If neoliberalism exists at all in higher education, it is not to be found in the organisation of the university. It is not an institutional but a generational phenomenon.
As the noughties progressed, a new cohort of academic stars emerged, editing the august journals, writing the landmark books, monopolising the major grants and wielding the greatest patronage. Their success derived not only from intellectual virtuosity but also from careerist strategies. Competitive individualism, goal-fixated instrumentalism and professional egoism became strategic virtues. Neoliberalism was embraced. The neoliberal generation is self-made.
True, the circumstances in which such strategies have proved so successful were not necessarily of the individuals’ own making or choosing. Still, it was individual choice to exploit those conditions for personal ends.

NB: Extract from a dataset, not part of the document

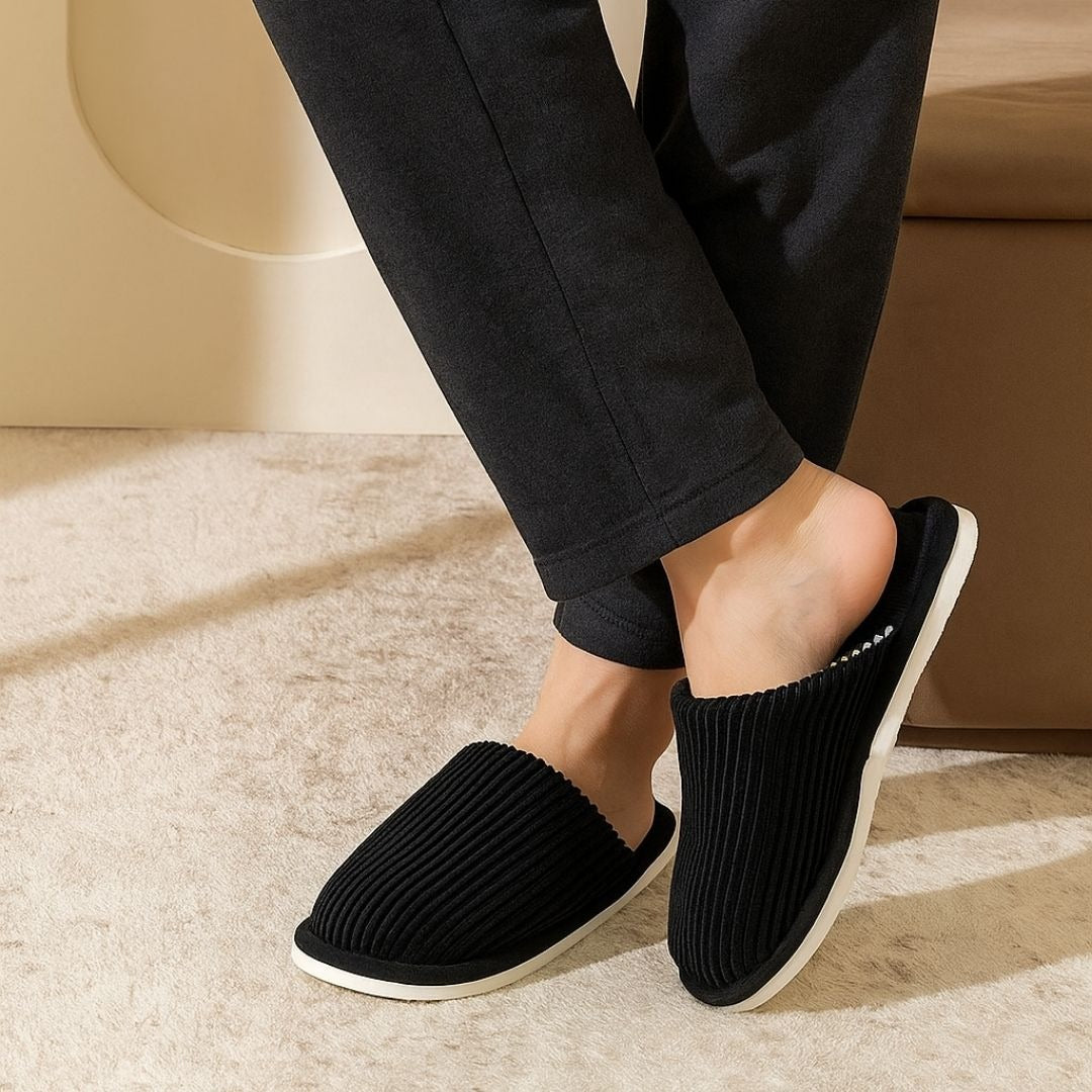 Durabilité exceptionnelle : Contrairement aux pantoufles classiques, les coutures renforcées et les matériaux haute densité garantissent une tenue parfaite dans le temps — ni effilochage, ni affaissement.

Those conditions can be defined as the researchification of the academy – which obliterated the focus on teaching that had previously dominated British academia. As Halsey and Trow’s classic 1971 study, The British Academics, makes clear, the academic of yesteryear was at best blasé when it came to scholarship and publishing – and often totally indifferent. But the expansion of the academy brought greater professionalisation, and entrance to its labour market became increasingly dependent on demonstrating research ability. The later research audit culture, using performance indicators around quality and impact, only further boosted the market value of research.
The academic labour market now resembles Herbert Spencer’s social Darwinism and his idea of evolutionary fitness. In our case, the evolutionary parameters are defined by the ability to demonstrate “publishing fitness” – call it scholastic Darwinism. The neoliberal species has soon learned that failure to evolve (by prioritising research and mastering the rules of the publishing game) will result in extinction, because natural selection is determined by the survival of the fattest CV.
Not all aspiring neoliberal academics succeed in mastering “the game”, of course. The failed neoliberal academic is the worst kind – someone who excels only in envy-fuelled cynicism directed at the neoliberal class that he aspires to join. Sadly, that’s me.
The neoliberal academic is like a sole trader, as the London School of Economics’ Michael Power once put it in Times Higher Education, who uses the “university franchise for career development defined solely in terms of research” (“Is ‘academic citizenship’ under strain?”, Features, 29 January 2015). So they are particularly averse to volunteering for citizenship and administrative roles, since these have no commodity career value.
But not all younger academics have adapted to the environment in this way. As well as those unable to demonstrate publishing fitness, others reject the neoliberal ethos. They do not necessarily become extinct, but they are not flourishing. In the UK and Australia, around half have been forced on to the vast Badlands at the fringe of the academic world, subsisting on precarious, short-term contracts. This is an academic underclass.
The 21st-century university is a realm more akin to liberal Victorian England, with an “industrial reserve army”, as Marx and Engels put it, fed by a huge oversupply of labour. It is not a happy state. Not, that is, unless you are in a top hat, smoking your pipe and blowing out smoke about neoliberalism.
Michael Marinetto is a senior lecturer in management at Cardiff Business School.